### What you are asked to do
Your copy should match the listing below exactly, except that it holds no images.

### Source material
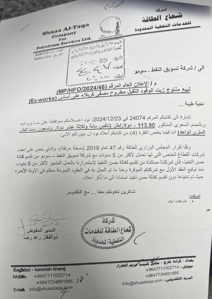 عن تورطها بعمليات تهريب وغسيل أموال، اضافة الى اعفاء الشركة من كفالة حسن الاداء رغم وجود تقارير وكتب رسمية صادرة من شركة
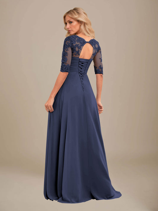 Cosima Gorgeous Half Sleeves Slit Keyhole Maxi Lace Chiffon Mother Of The Bride Dresses
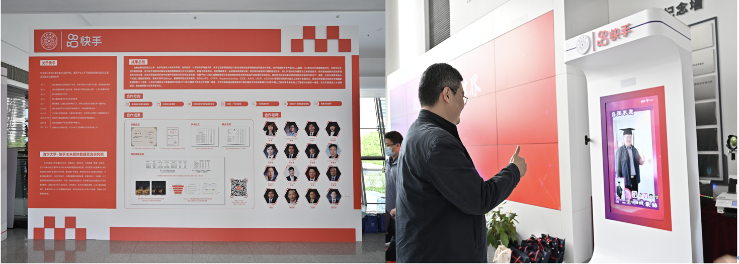 乐鱼在线平台-快手未来媒体数据联合研究院成果展板(左)嘉宾体验快手魔表应用(右)

### Task solution
 عن تورطها بعمليات تهريب وغسيل أموال، اضافة الى اعفاء الشركة من كفالة حسن الاداء رغم وجود تقارير وكتب رسمية صادرة من شركة
 Cosima Gorgeous Half Sleeves Slit Keyhole Maxi Lace Chiffon Mother Of The Bride Dresses
 乐鱼在线平台-快手未来媒体数据联合研究院成果展板(左)嘉宾体验快手魔表应用(右)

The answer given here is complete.